Il est évident que ce concept est différent, contrairement à ce qu’on peut penser, de celui de Newton. En fait, Kant se distingue de son prédécesseur anglais au moins à deux niveaux :
a)Celui de l’objet physique et de son repérage. Le penseur allemand pense, en effet, en termes de phénomènes et d’intuition pure, alors que le savant britannique opte pour la chose en soi et l’absolu spatial et temporel.
b)Le plan de l’instrument mathématique où le philosophe nous a paru insister davantage sur le calcul infinitésimal ; en cela il est d’ailleurs fils de son siècle.
C’est plutôt du côté des mathématiques que Kant nous semble le plus proche de Newton puisqu’il fait science la conception du calcul différentiel et intégral du savant.
2°)Les fonctions des mathématiques et de la physique dans la relation qui les unit. Les premières seraient fondatrices et même constitutives, alors que la seconde se contenterait d’établir des rapports d’existence, voire de régulariser.

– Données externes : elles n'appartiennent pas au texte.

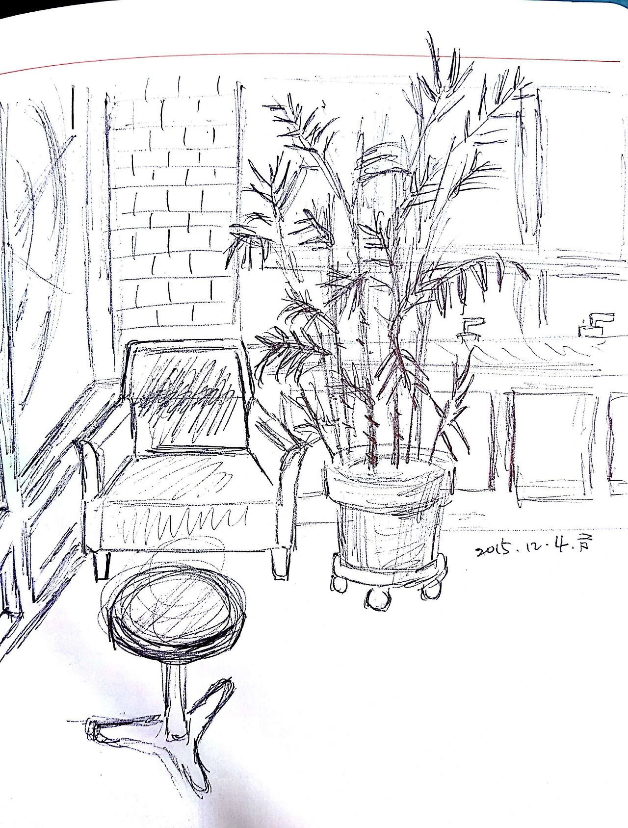 습작, 까페 그리기 냅킨에 그린 그림.까페에서 호젓하게 차를 마시던, 한량같던 때에 그린 그림이다. 끄적끄적 볼펜으로 대충 그리면서 그래도 좋았다. 다이어리에다가 그린 그림.그러다가 다이
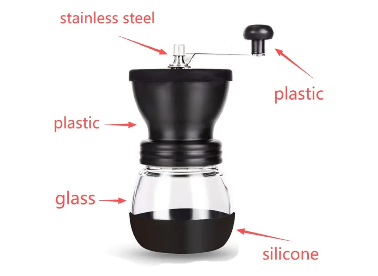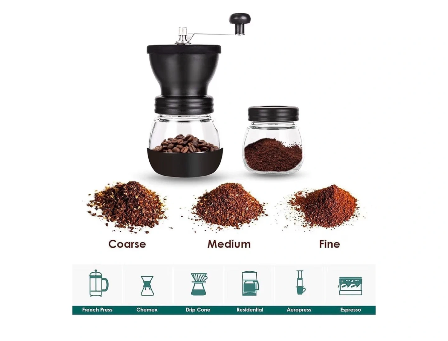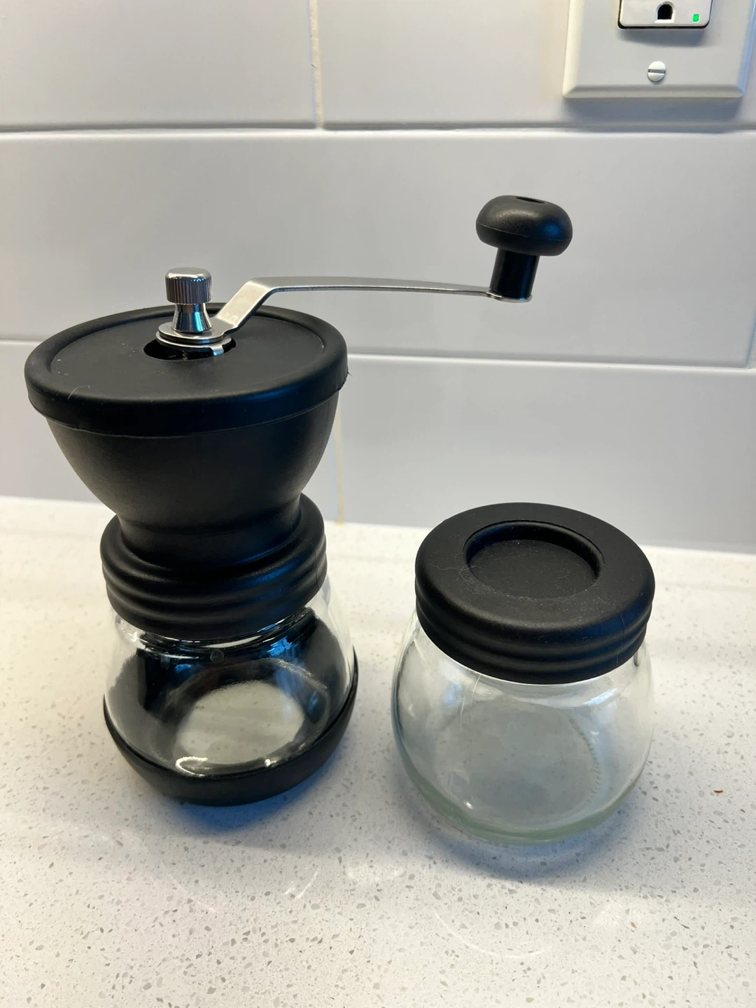 Selling a manual coffee bean grinder with a glass base and silicone grip.
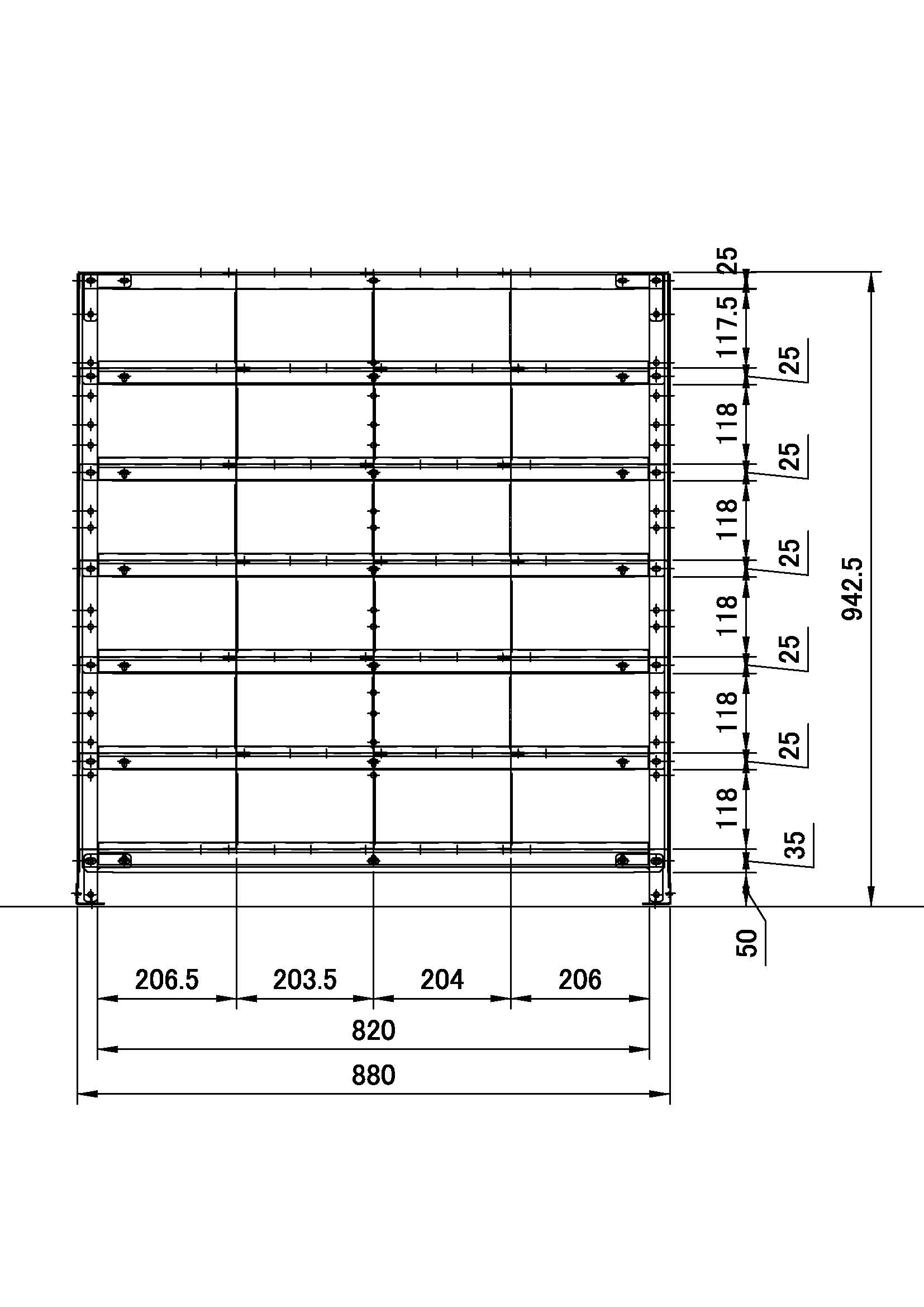 区分棚 横4区画 x 棚板有効6段 高さ940 x 横幅880 x 奥行250

Tout compte fait, les mathématiques seraient largement et fondamentalement prioritaires chez Kant qui rejoindrait ainsi ceux, comme Einstein, qui soutiennent, toute proportion gardée, la prééminence de cet aspect en physique mathématique. Après tout, on peut penser que l’opération de mesurer présuppose que l’instrument de mesure soit conçu comme fondement. Kant aurait ainsi déterminé la condition de possibilité de l’opération en question, mais chez lui la physique doit le payer en idéalisant son sujet et en « phénoménisant» son objet.


Notes

(1) Nous utilisons l’édition de la pléiade, Gallimard 1980, p.893 – p.970.
(2)
a) Cf la Dialectique, section intitulée, discipline de la raison dans son usage dogmatique.
b) Cf la préface des Premiers principes métaphysiques de la nature. Vrin, 1971.
c) En ce qui concerne la fonction du philosophe, cf par exemple, la même préface (Ibid).
(3) Ces principes seront appelés, dans le texte, respectivement des « principes mathématiques » et « des principes dynamiques », mais Kant dit en substance qu’il s’agit de principes métaphysiques fondant les principes scientifiques.
(3 bis) Cf Dialectique et Préface (Ibid).
(4) L’inconvénient est que Kant ne va distinguer au niveau de la physique entre l’a priori et l’empirique, ce qui donnera lieu à une hésitation qu’on notera cf la Dialectique (ibid) et la préface des Premiers principes (ibid) par exemple.
(4) En ce qui concerne la situation des mathématiques en physique cf notre livre, L’esprit scientifique et la civilisation arabo-musulmane, L’Harmattan 2004, première partie. Pour ce qui est d’Einstein, cf, Einstein, Comment je vois le monde, Flammarion 1979, p.165.
(5) Cf notre livre, L’espace et le temps chez Newton et chez Kant, L’Harmattan 2002, 2éme partie, 2é section.
(6) Kant explique l’application du qualificatif « dynamique » à ces principes à la page 946 (ibid) en disant en substance qu’il s’agit de l’activité de l’entendement et non de la réceptivité de la sensibilité (comme c’est le cas au niveau des principes dits mathématiques).
(7) Cf par exemple l’édition de Vrin 1976, paragraphes 14 et 15.
(8) Ibid, page 1262...p.1263.
(9) Ibid, page 11.
(10) Ibid, page 16...page 17.
(10 bis) Cf notre livre sur L’esprit scientifique et la civilisation arabo-musulmane. Même partie (Ibid).
(11) Cf notre livre sur Kant et Newton, où cette idée est centrale. D’autre part, signalons que nous avons commencé cette 3éme rubrique par la physique, car c’est plus clair, et que nous avons négligé les postulats qui n’auraient rien ajouté à notre analyse.